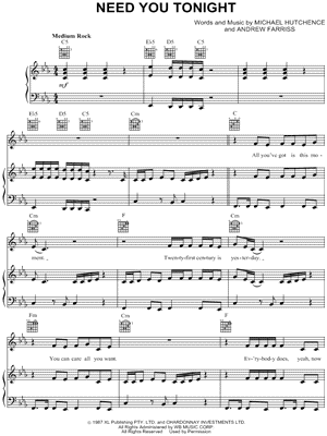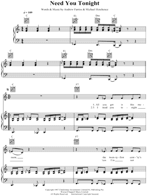 Browse our 3 arrangements of "Need You Tonight." Sheet music is available for Piano, Voice, Guitar and 6 others with 3 scorings and 1 notation in 8 genres. Find your perfect arrangement and access a variety of transpositions so you can print and play instantly, anywhere.
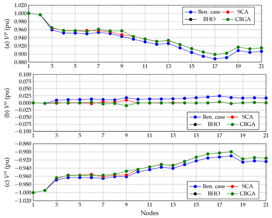On the other hand, Figure 3 presents the behavior of the voltage profiles in all the nodes of the 21-bus system for each pole, considering the benchmark case as well as the solution reached with each one of the metaheuristic optimizers.
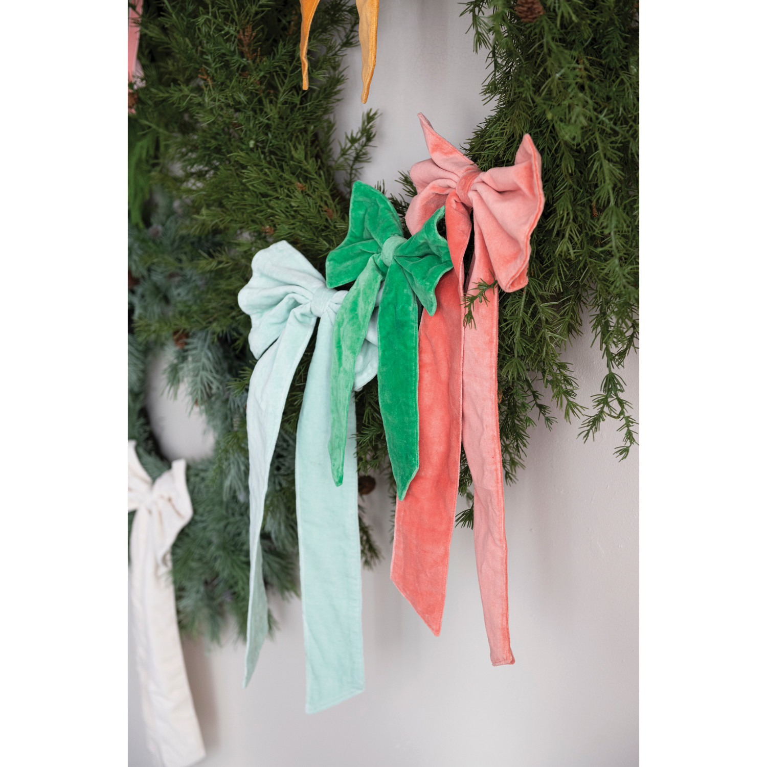 Catalog Name: 10"W x 21"H Cotton Velvet Clip-on Bow, Mint Color
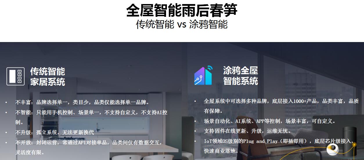 相对于传统智能家居系统,涂鸦全屋提供超90000款多品牌、多品类、高性价比的“Powered by Tuya”智能硬件,实现跨品牌互联互通。依托云端服务,支持超过200余种智能化生活场景的自由拼装。同时还提供了开放的平台集成能力和智能的设备运营能力,实现对客户数据运营,开拓全新的商业价值。
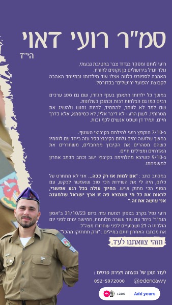 נפל ביום ט"ז בחשון תשפ"ד 31.10.2023
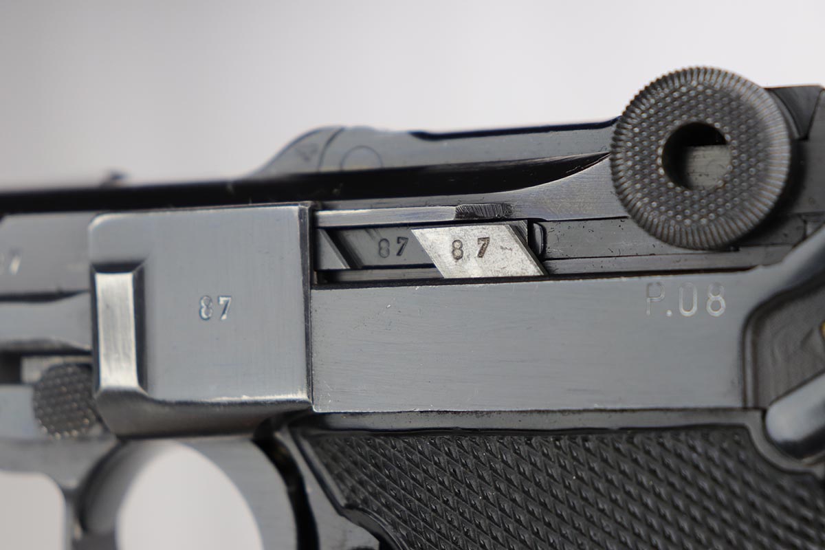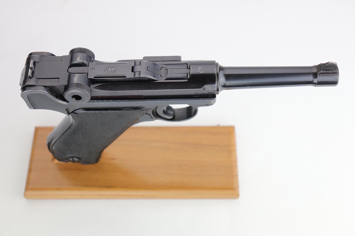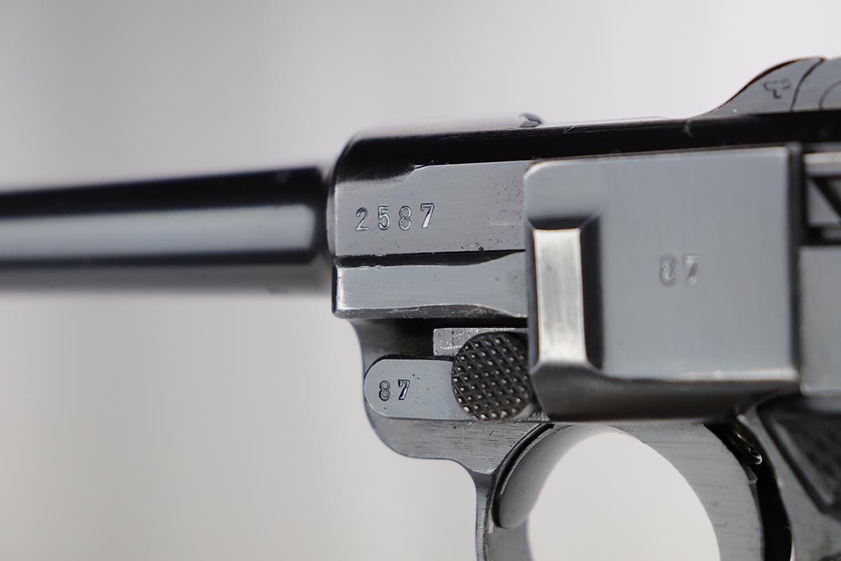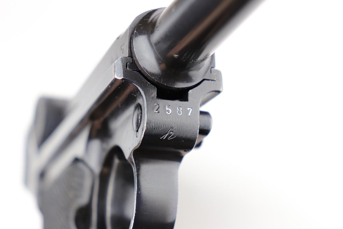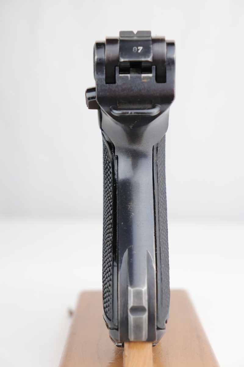 12/4/19 – This is a very nice and all original Black Widow Mauser Luger rig from 1942, with spare magazine and 1942 dated holster. The gun has about 95% of the original blue remaining, with minor rub wear on muzzle and sideplate, a little bit of finish loss and patina on the straps, and one spot of finish loss on the right ear of the frame. Original Black Widow style grips are in good shape, though the right panel does have some dings and handling wear. Rig has a total of two correct Black Widow style magazines, both in excellent condition. The holster has a ‘dkk’ maker mark and sharp waffenamt. It’s in very good shape with some obvious signs of age but leather is firm. The tool pouch does have a small tear in it.
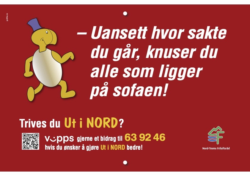 15. Det er gratis å være med i Ut i NORD. De som ønsker å gi et bidrag som gjør at arbeidet med stier, bord og benker, kasser og skilt blir bedre, kan vippse til 63 92 46 (f.eks. kr 10,- pr. gjennomført tur, grenset oppad til kr 200,-).
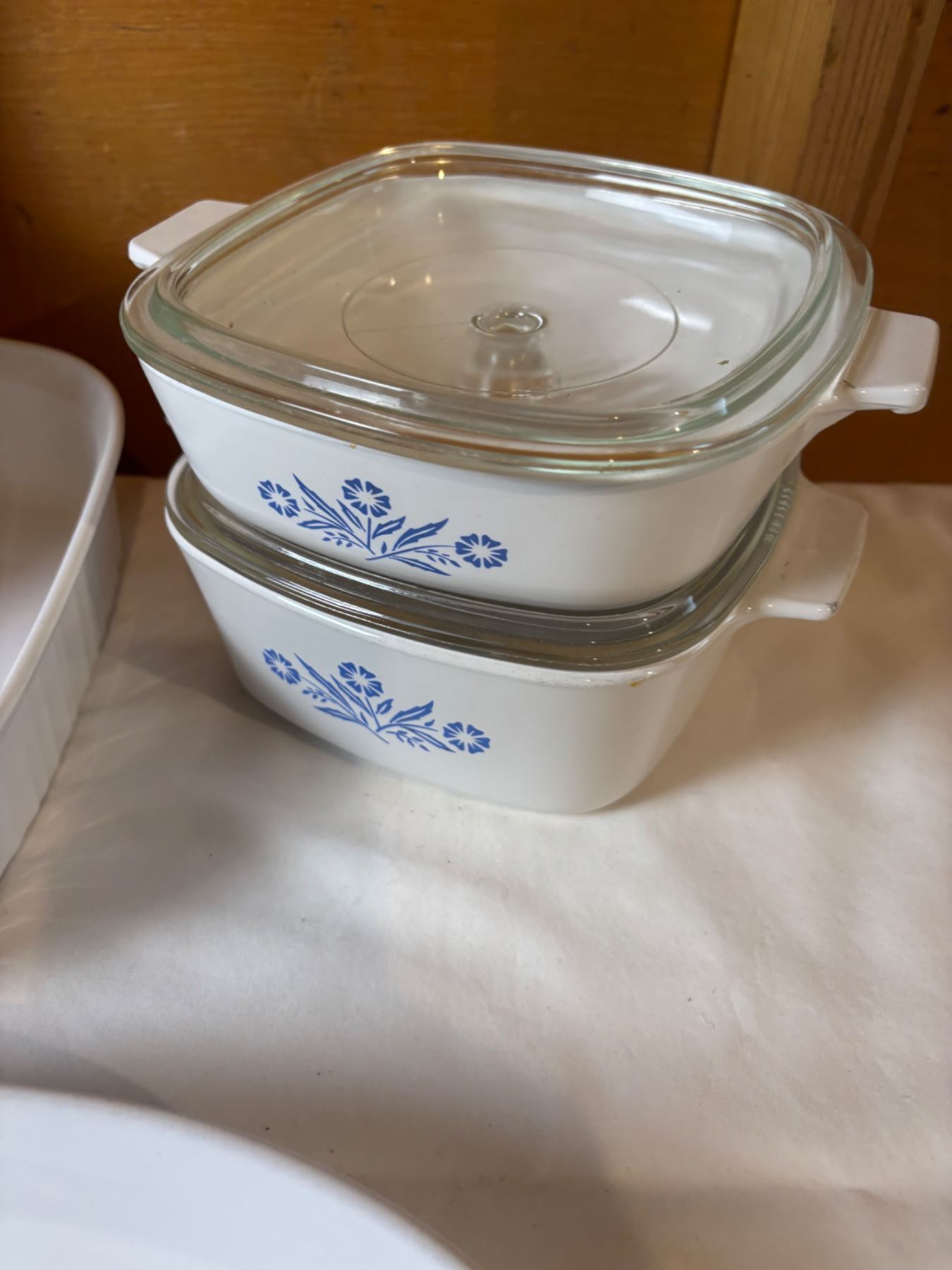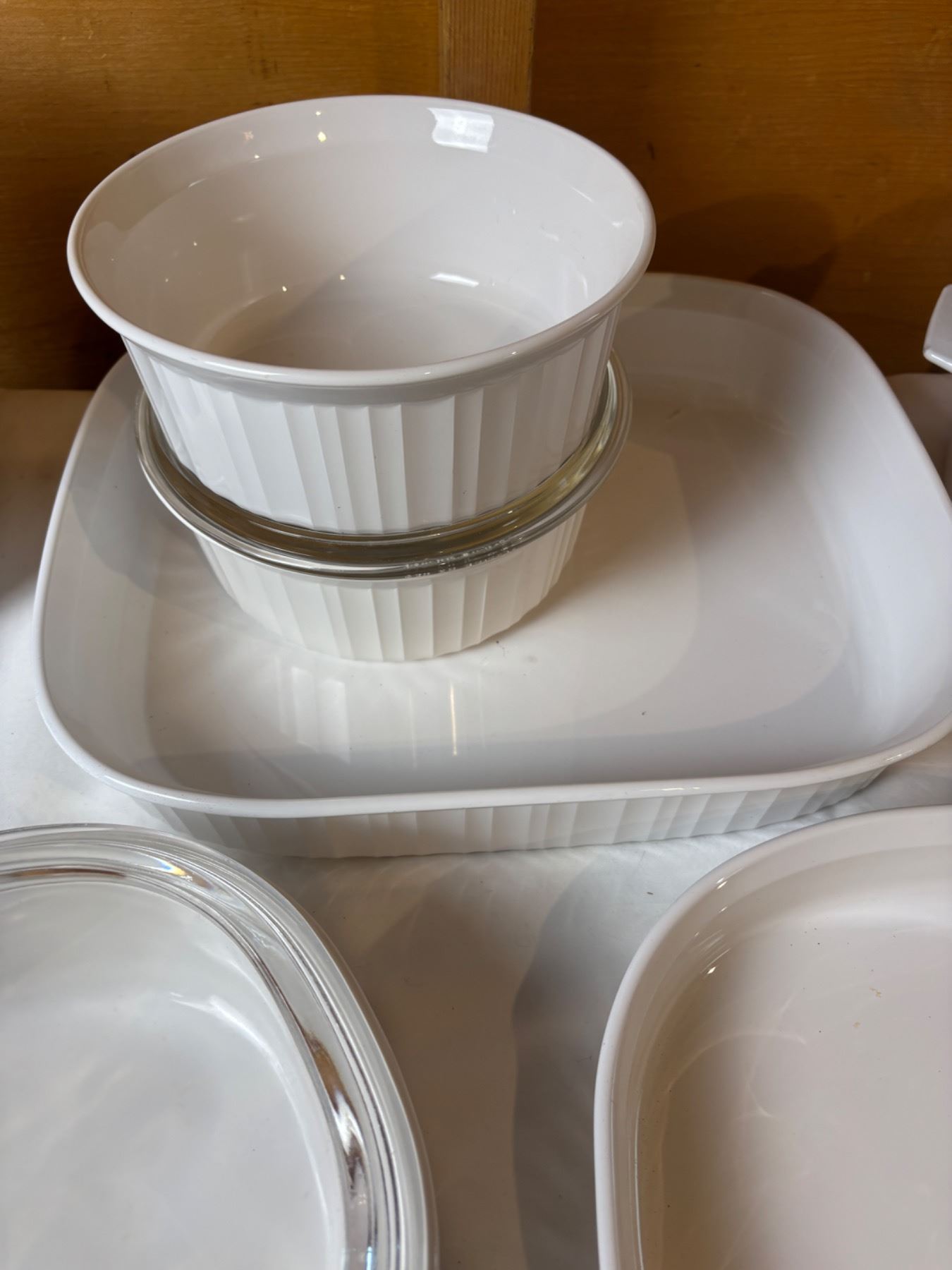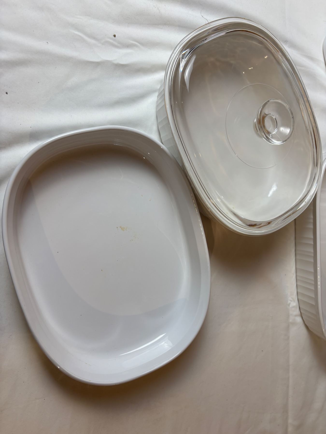 Seven of the dishes come with a lid, some wear, largest dish is 11x14"
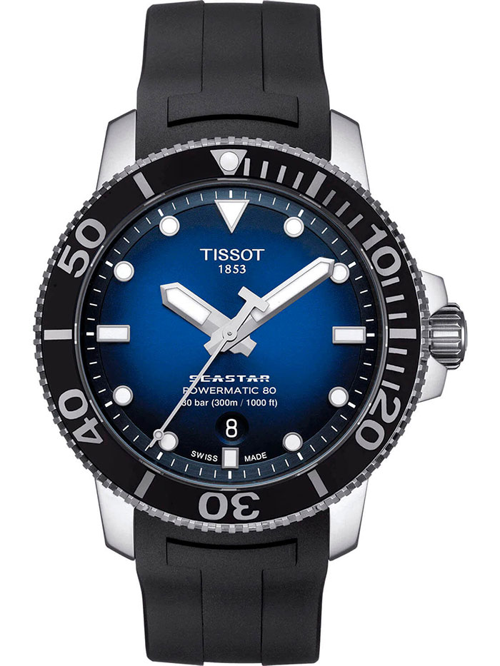 Мужские механические наручные часы TISSOT Seastar 1000 Powermatic 80 T120.407.17.041.00 коллекции T Sport с автоподзаводом и возможностью ручного завода. Калибр механизма — Powermatic 80.111. В механизме часов использована запатентованная балансирная пружина Nivachron, благодаря чему запас хода значительно увеличен и составляет не менее 80-ти часов. Количество камней - 23. Функция стоп-секунда (остановка секундной стрелки для установки точного времени). На данной модели отображается текущая дата. Стрелки и метки покрыты люминесцентным напылением Super-LumiNova® (светятся в темноте). Сапфировое стекло с антибликовым покрытием, устойчивое к появлению царапин. Прозрачная задняя крышка. Завинчивающиеся заводная головка и задняя крышка. Однонаправленный вращающийся безель с керамической вставкой. Полимерный ремешок. Водонепроницаемость WR300 (30 атм). Размеры корпуса: (ШxТ) 43x12.7 мм. Гарантийный срок — 3 года (1 год от производителя + 2 года от магазина).
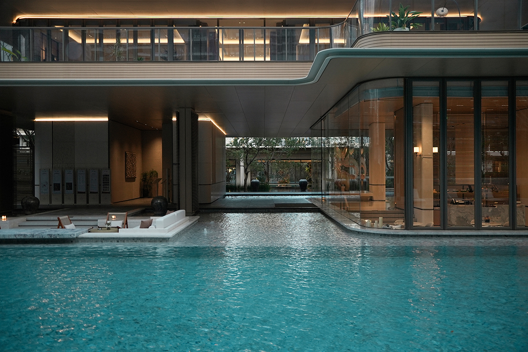 度假的氛围,往往在抵达的那一刻就已经产生。社区前场的“降噪设计”,演绎城市之中的静谧场域,设计注重“归家的仪式感”与“城市到度假的心理转场”。
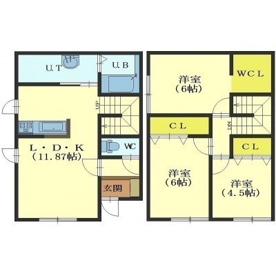 3LDK(71.42m²)└ 1階:LDK11.8帖 / 2階:洋室6帖 洋室6帖 洋室4.5帖
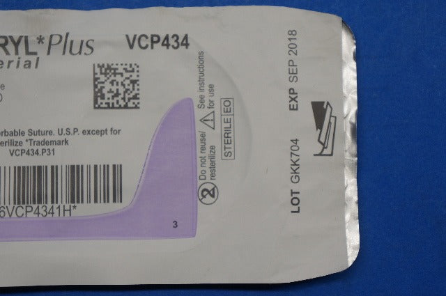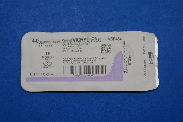 - Ethicon VCP434 4-0 VICRYL Plus, TF 13mm 1/2c Taper, Undyed Braided, 27inch
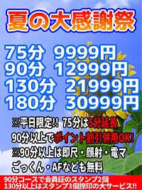 ※90分以上なら即尺・AF・顔射なんかも無料♪
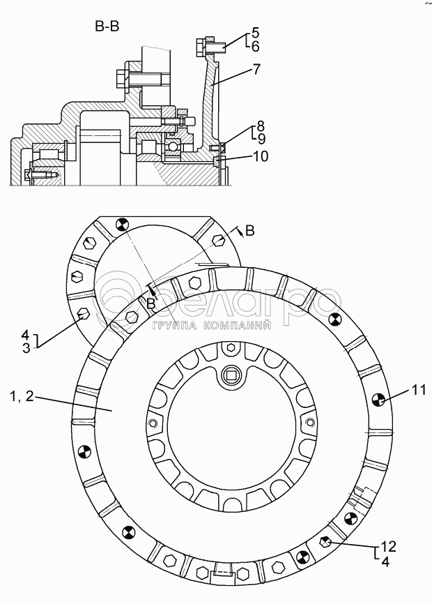 Каталог запасных частей к технике: ЧТЗ Бульдозер Б12. Установка бортовых редукторов

* TASK: Please write out only the material above, exactly, from its first line through the line that contains "Bow, Mint Color", and include no pictures.

* WRITTEN SOLUTION:
 Browse our 3 arrangements of "Need You Tonight." Sheet music is available for Piano, Voice, Guitar and 6 others with 3 scorings and 1 notation in 8 genres. Find your perfect arrangement and access a variety of transpositions so you can print and play instantly, anywhere.
On the other hand, Figure 3 presents the behavior of the voltage profiles in all the nodes of the 21-bus system for each pole, considering the benchmark case as well as the solution reached with each one of the metaheuristic optimizers.
 Catalog Name: 10"W x 21"H Cotton Velvet Clip-on Bow, Mint Color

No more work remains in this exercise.